However, the combination of rising orders and falling inventories in Japan has pushed the orders-to-inventory ratio to its highest for three years. Such a high ratio suggests that producers will be stepping up
production to refill warehouses.

Sad smile  China Auto Sales Conditions Worsen During Past Two Months

(CEBM Research)

Auto sales growth in April was about 13% in terms of Y/Y growth. In a weak macroeconomic environment, this number is not bad compared to certain other sectors.
However, if viewed from previous SAAR auto sales data, sales conditions have been worsening over the past two months. Relatively high sales growth is due to some extent to the low base.
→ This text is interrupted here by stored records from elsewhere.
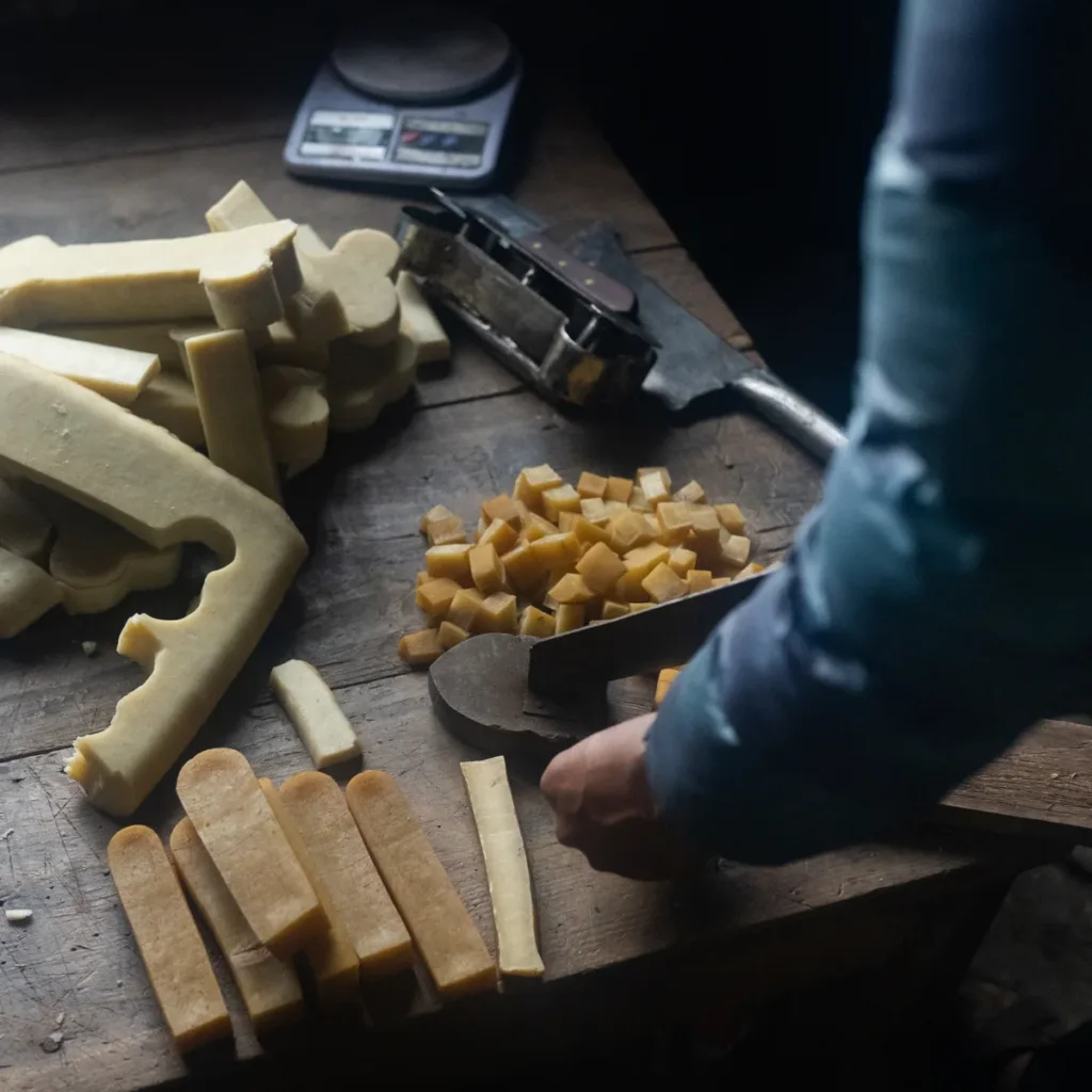The process of making Chhurpi is as natural as it gets. Fresh yak or cow milk is boiled, curdled with a little lime juice, and then pressed into blocks. These blocks are carefully dried and smoked for weeks, which gives Chhurpi its signature hardness and irresistible smoky flavor.
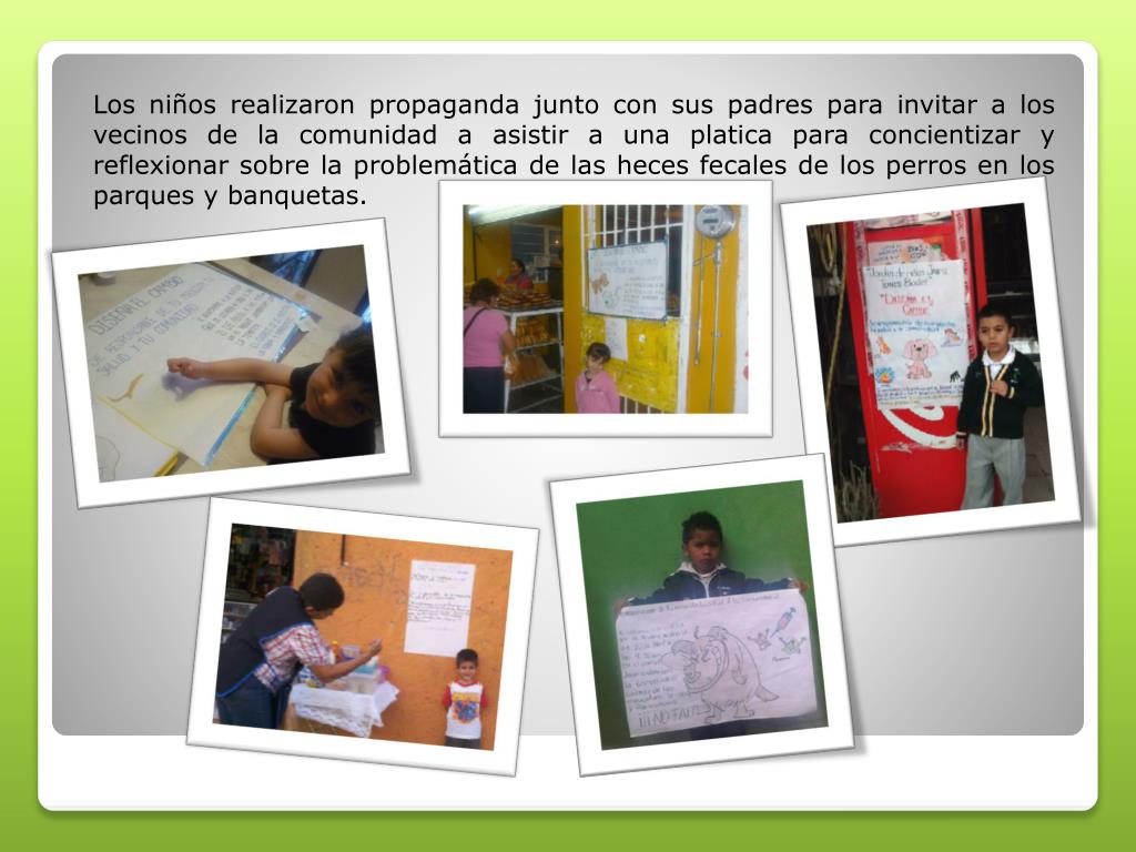 Los niños realizaron propaganda junto con sus padres para invitar a los vecinos de la comunidad a asistir a una platica para concientizar y reflexionar sobre la problemática de las heces fecales de los perros en los parques y banquetas.
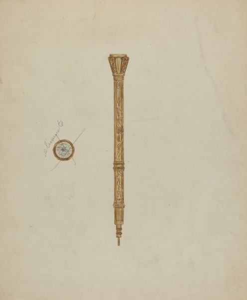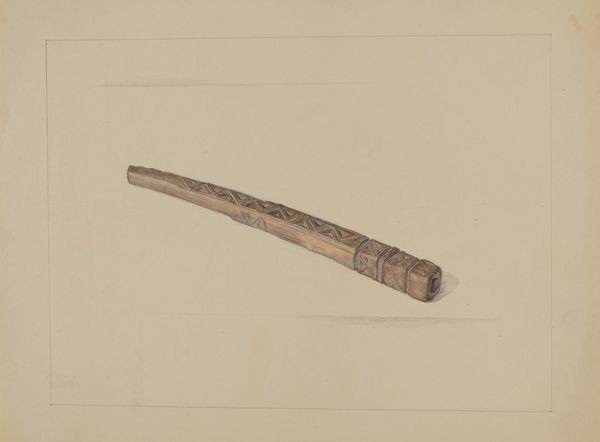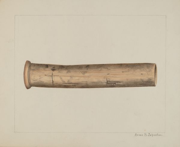 Augustine Haugland made this drawing of a rolling pin, and, you know, it’s just lovely, the way it’s rendered with delicate strokes in shades of brown. It reminds me that art can be found in the everyday, it elevates the mundane. The color is soft and warm. The rendering of the rolling pin shows great attention to detail. You can see the artist building up tone with these tiny, almost imperceptible marks. It's not just a representation; it's an exploration of form and texture, light and shadow. I am drawn to the way the light seems to catch the curves. It’s so subtle. It makes you want to reach out and touch it. This piece reminds me of the work of Morandi, who also found endless inspiration in the humblest of objects. It’s a reminder that art isn’t just about grand gestures or epic narratives. Sometimes, it’s about the quiet beauty of a rolling pin.
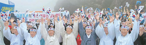 14日、独島(トクト、日本名竹島)で開かれた「日本の独島挑発糾弾大会」で慶尚北道(キョンサンブクド)の金寛容(キム・グァンヨン)知事(右から4番目)をはじめ参加者たちが手に太極旗(テグッキ)を持って万歳を叫んでいる。日本が中学校学習指導要領の解説書に独島の領有権を主張する記述をすることを決めたことに対し、「日本の独島挑発は、韓日関係の信頼を崩す行為だ」とし、「青少年に正しい歴史観を伝えるために、日本の最低限の良識を守るべきだ」と非難した。この日の糾弾大会には、金知事をはじめ、李相千(イ・サンチョン)道議会議長、趙炳仁(チョ・ビョンイン)慶北道教育監、尹在玉(ユン・ジェオク)慶北地方警察庁長、鄭胤烈(チョン・ユンヨル)鬱陵(ウルン)郡長ら90人あまりが参加した。
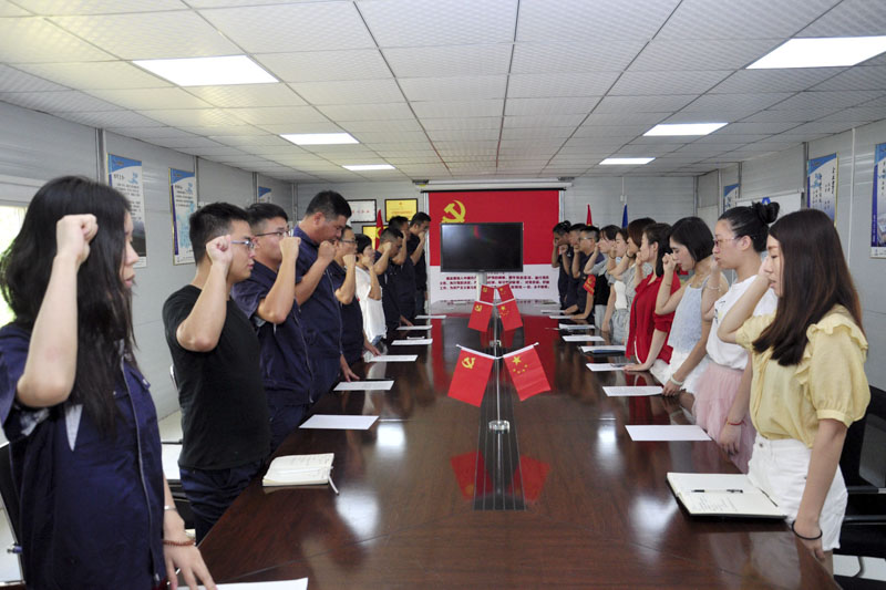 △全體參會(huì)人員在號(hào)長(zhǎng)領(lǐng)誓下重溫入團(tuán)誓詞
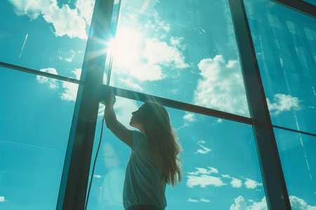 Young woman cleaning large window on sunny day with blue sky background, enhancing natural light
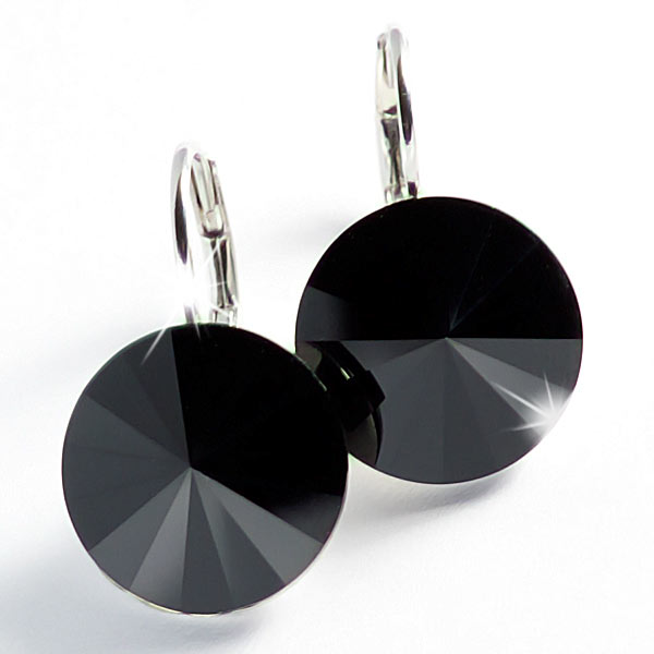 1 Paar Ohrhänger gefertigt mit Swarovski® Rivoli Kristallen (12 mm), Farbe Jet
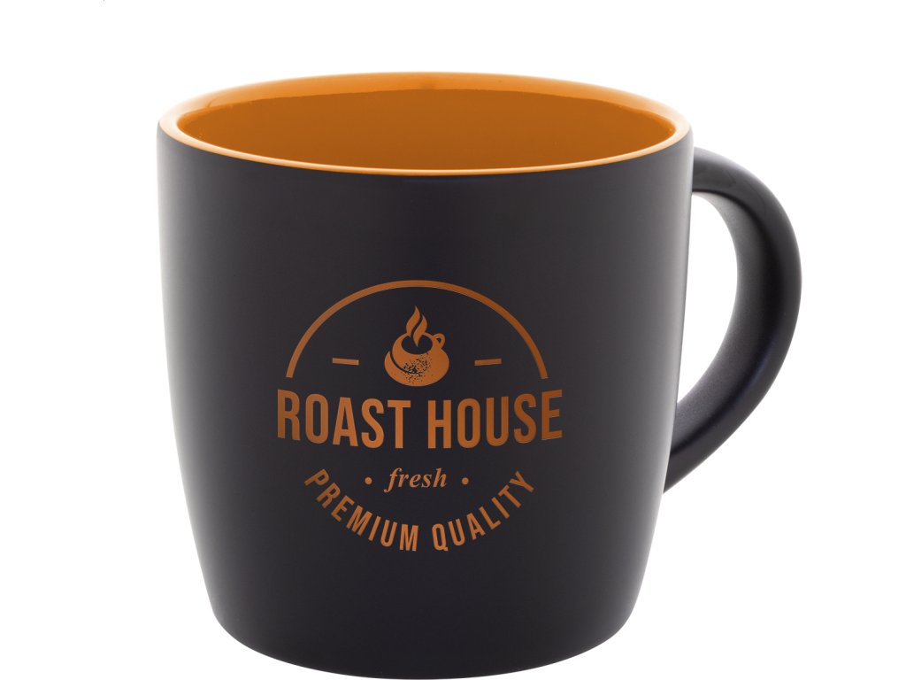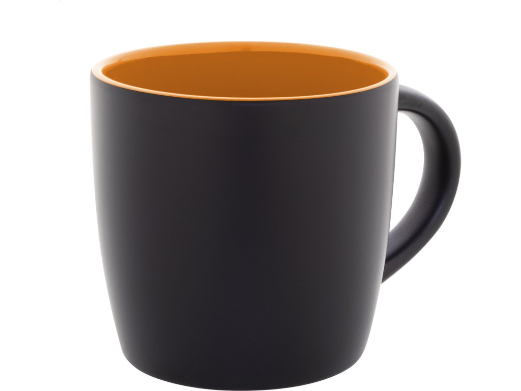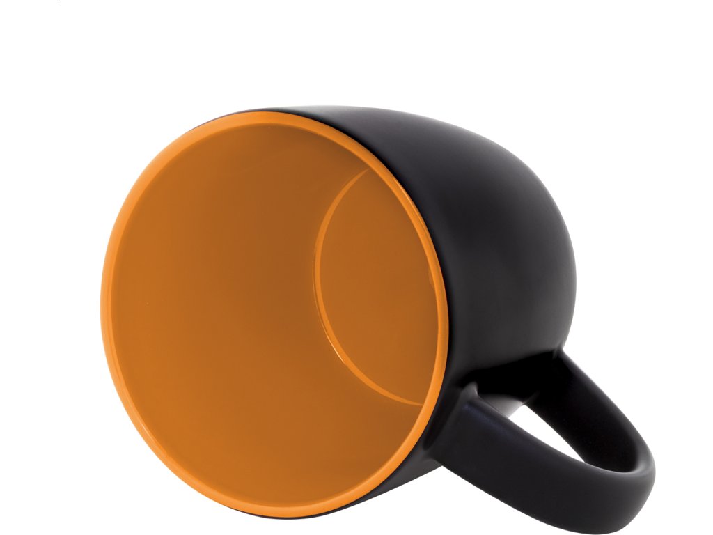 Černý keramický hrnek s barevným vnitřkem, 300 ml. Se speciální vrstvou pro gravírování, gravírované logo ladí s vnitřní barvou. V kraftové papírové krabici.
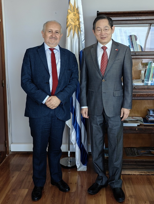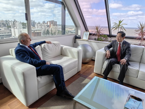 2024年4月10日,驻乌拉圭大使黄亚中拜会乌教育文化部长达西尔维拉,双方就中乌文教、体育、科技等领域交流合作交换意见。
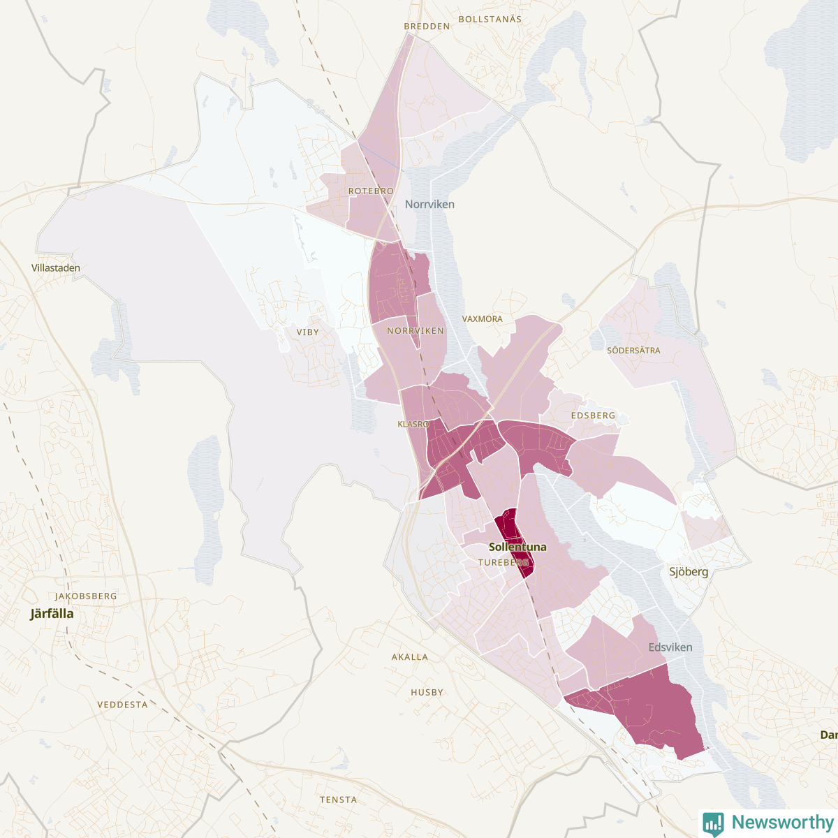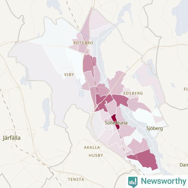 Men alla delar av Sollentuna är inte lika hårt drabbade. Det visar data för de senaste fem åren, som Newsworthy har begärt ut från polisen. De anmälda stölderna har kopplats till SCB:s 42 statistiska områden i kommunen. I ett område finns inga cykelstölder registrerade, men i de övriga rör det sig om mellan en handfull och drygt 100 anmälda stölder per område.
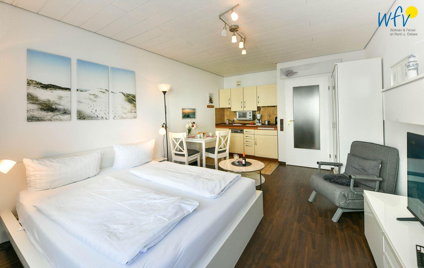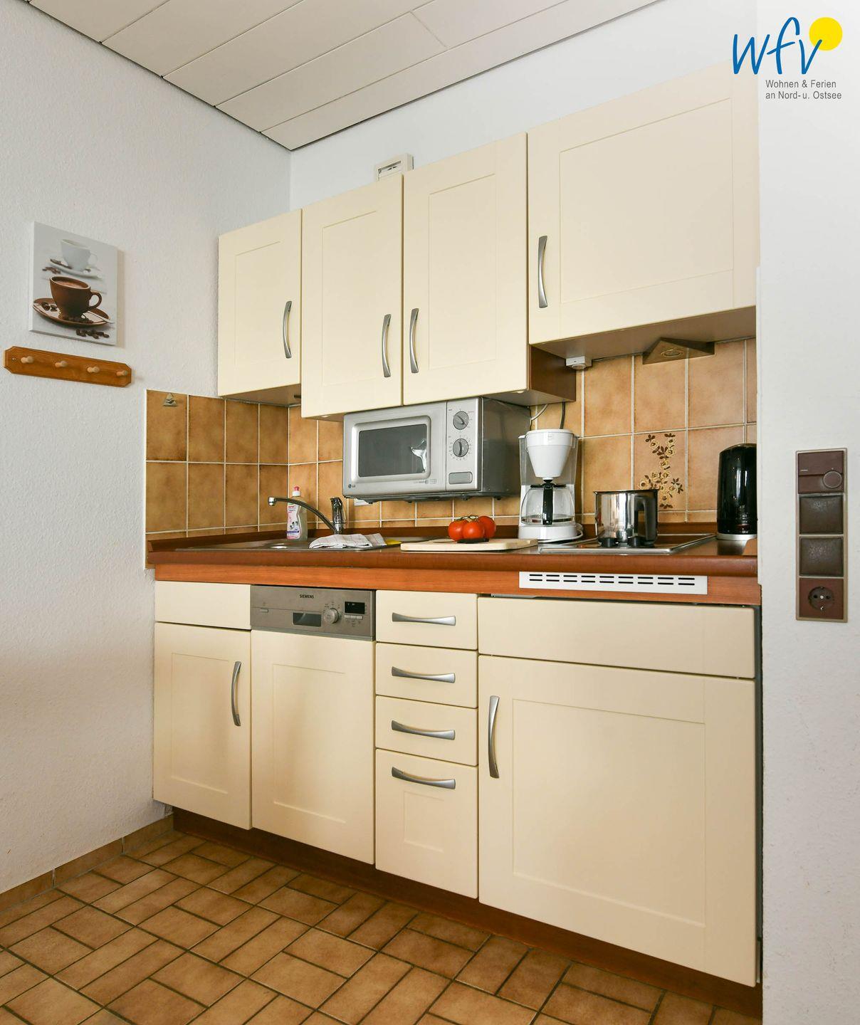 Machen Sie es sich in Ihrem Urlaub gemütlich! Vom ausgiebigen Ferienfrühstück am Esstisch, über bequeme Zeiten im Relaxsessel bis hin zum langen Ausschlafen in dem modernen Doppelbett (1,80 m x 2,00 m) - der große Wohnraum bietet Ihnen ein Rundum-Paket zum Wohlfühlen! Für den Snack zwischendurch oder das leckere Abendessen steht Ihnen eine Küchenzeile mit 2-Platten-Cerankochfeld, Geschirrspüler und Mikrowelle zur Verfügung.
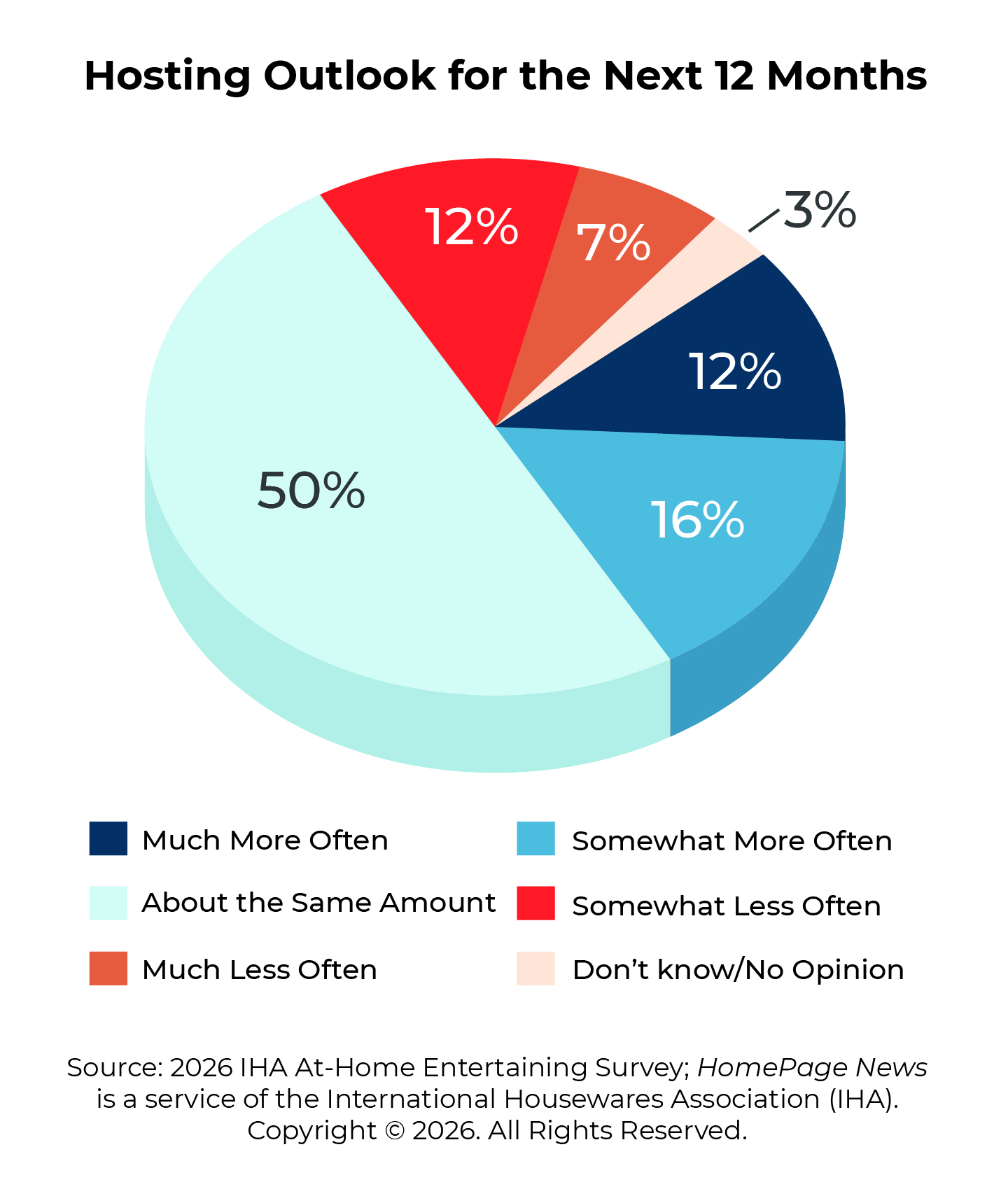 ROSEMONT, IL, February 23, 2026 – Home and housewares products will play an increasingly important role in consumers’ lives in 2026, according to the 2026 International Housewares Association (IHA) At-Home Entertaining Survey. The results, posted on the IHA’s independent news and information platform, HomePageNews.com, demonstrate how hosting at-home gatherings – whether to celebrate life moments or for no reason at all – continues to gain momentum, especially among younger generations. The continued uptick in at-home entertaining will be on full display at The Inspired Home Show,® March 10-12 at Chicago’s McCormick Place. From small appliances to cookware, kitchen tools to serveware, products designed for entertaining at home will be just one of the categories attracting attention at the largest global home and housewares marketplace in the Western Hemisphere. IHA’s survey shows that bringing people together in familiar spaces continues to grow in appeal, even after recent year-over-year increases. Twenty-eight percent of respondents anticipate hosting more at-home gatherings in 2026, a four point jump compared to 24% last year. Fifty percent said they plan to host the same amount, while 19% thought it would be less.

Also due to the base effect, the sales growth of passenger cars in May is likely to drop. Passenger car sales growth is likely to peak in April.

Money  ECB: Cyprus Shock Caused Flight

The euro zone’s botched bailout of Cyprus caused a mini-run on banks in many of the currency union’s 17 members in April, exacerbating the decline in lending to the real economy, ECB data showed.

(…) The impact was also felt strongly in Greece, where private deposits fell €2.8 billion, or 1.6%, on the month. They are still nearly 10% up from their low point in June last year, however, reflecting a gradual return in confidence since the second restructuring of the country’s sovereign debt and the accompanying recapitalization of its largest banks.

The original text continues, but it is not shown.